Directions
Restate exactly the lines of the entries below, beginning with the first and ending with the line that holds "作者建议在植入股骨假体试模后". Pictures are not copied.

━━━━━━━━━━━━━━━━━━━━

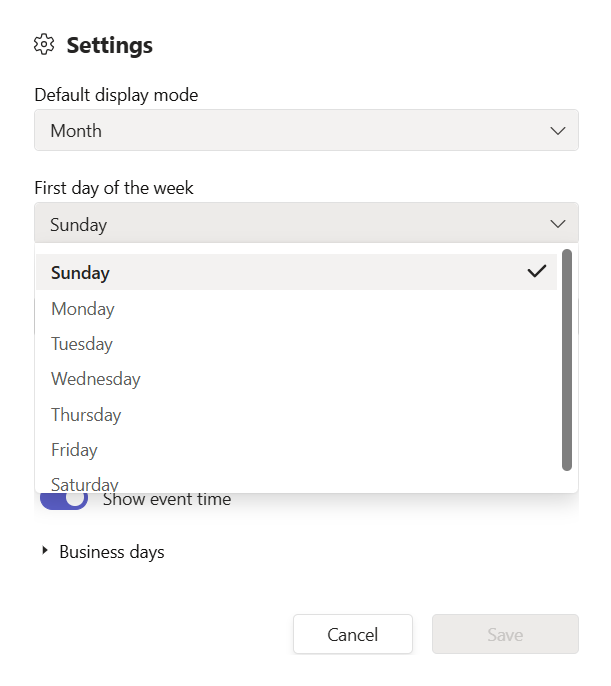Here you can personalize the view of your Calendar Pro: select one of the days within the 'First day of the week' drop down and click 'Save'.
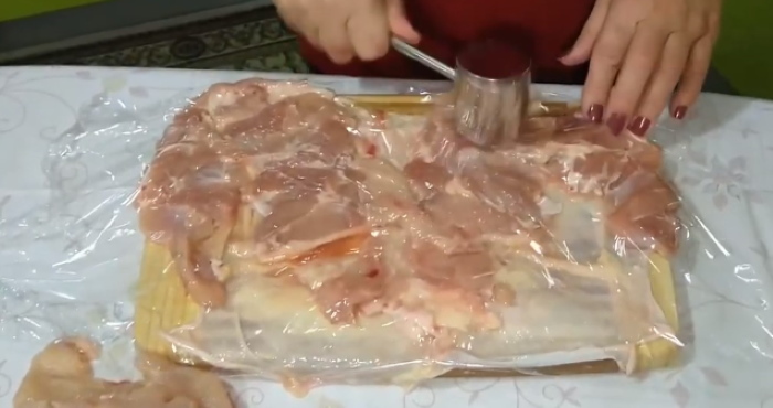 3. Грудка застеляється харчовою плівкою і відбивається кухонним молоточком з обох сторін до отримання тонкого шару. Так само чинять з усіма шматочками.
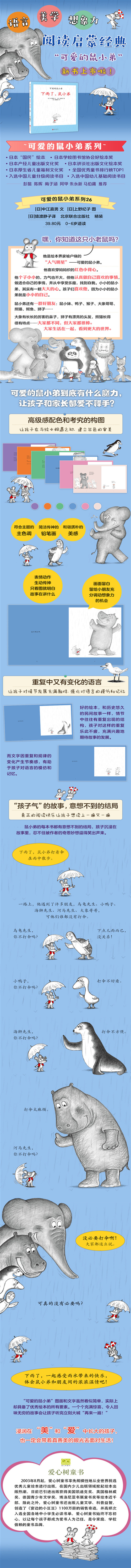“可爱的鼠小弟”系列是日本绘本作家中江嘉男和上野纪子的不朽经典,自1974年问世以来就深受孩子们的喜爱,囊括了日本各大童书奖项,被誉为“世界绘本经典中的经典”。自2005年引进出版后,该系列长期位于儿童畅销书排行榜前列,销量累计超过1500万册,成为广受欢迎的儿童早期阅读启蒙读物。小小的、善良的鼠小弟成为了几代孩子难忘的童年伙伴。透过鼠小弟,孩子们看到真善美,并在感动中体验爱与被爱的快乐,人与人之间交往的真谛。
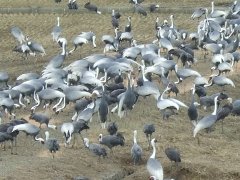 飛来したツルを、出水市にあるツル観察センターの展望所から見ることができた
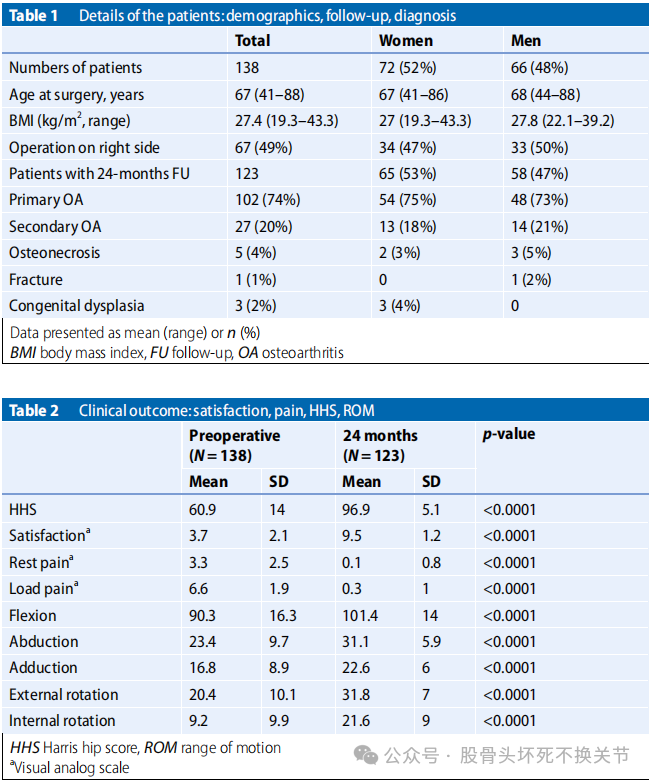作者建议在植入股骨假体试模后需要在各个角度屈伸旋转,评估软组织的张力、偏心距和关节稳定性,最后再植入假体。对手术区进行灌洗后关闭刀口,不常规使用引流管。该组病人信息:
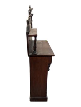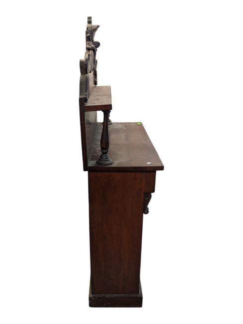 A 19th cenury Victorian mahogany chiffonier / sideboard. Having a carved and large gallery back with column supports. Atop a large base with twin cupboard doors with shelves within. All raised on a plinth base. Measures approx: 158x100x32cm
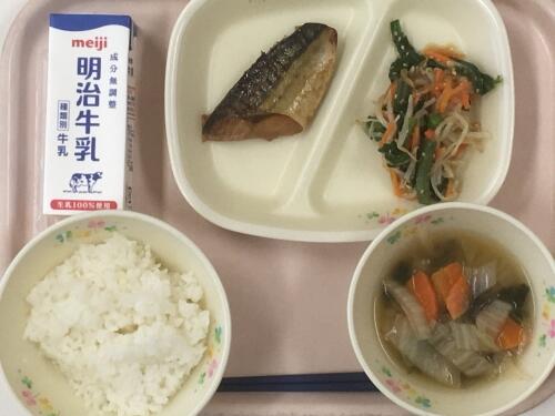 ごはん 牛乳 さばのてりやき にらのわふうあえ あさのポークのにくだんごスープ
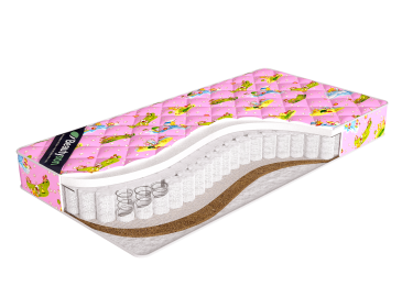 Матрас обладает разным уровнем жесткости сторон. Одна сторона выполнена из холлофайбера – легкого и упругого материала. Отличительным преимуществом холлофайбера является то, что он совершенно не впитывает влагу – это значительно облегчает просушку детского матраса в случае необходимости. Другая сторона выполнена из кокосовой койры – жесткого ортопедичного материала, обладающего бактерицидными свойствами. Все слои матраса отлично вентилируются, создавая оптимальный микроклимат изделия.
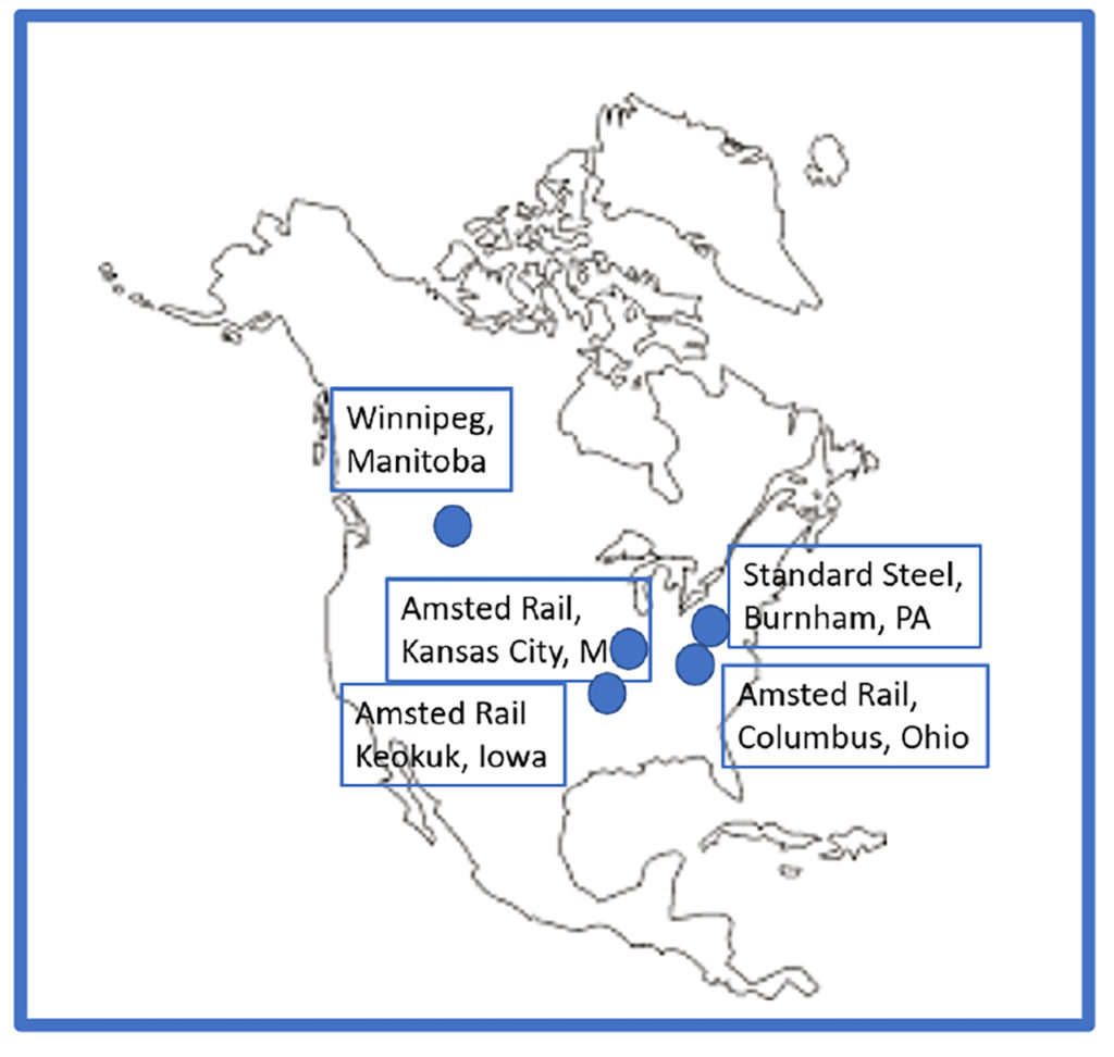 North American wheel plants: Amsted Rail has 4 North American wheel plants. They’re located in Columbus, Ohio; Kansas City, Mo., Keokuk,Iowa; and Winnipeg, Canada. In addition to being diversified geographically, combined, theese plants have the ability to serve the entire North American rail industry during normal times.

━━━━━━━━━━━━━━━━━━━━

Output below
Here you can personalize the view of your Calendar Pro: select one of the days within the 'First day of the week' drop down and click 'Save'.
 3. Грудка застеляється харчовою плівкою і відбивається кухонним молоточком з обох сторін до отримання тонкого шару. Так само чинять з усіма шматочками.
“可爱的鼠小弟”系列是日本绘本作家中江嘉男和上野纪子的不朽经典,自1974年问世以来就深受孩子们的喜爱,囊括了日本各大童书奖项,被誉为“世界绘本经典中的经典”。自2005年引进出版后,该系列长期位于儿童畅销书排行榜前列,销量累计超过1500万册,成为广受欢迎的儿童早期阅读启蒙读物。小小的、善良的鼠小弟成为了几代孩子难忘的童年伙伴。透过鼠小弟,孩子们看到真善美,并在感动中体验爱与被爱的快乐,人与人之间交往的真谛。
 飛来したツルを、出水市にあるツル観察センターの展望所から見ることができた
作者建议在植入股骨假体试模后需要在各个角度屈伸旋转,评估软组织的张力、偏心距和关节稳定性,最后再植入假体。对手术区进行灌洗后关闭刀口,不常规使用引流管。该组病人信息:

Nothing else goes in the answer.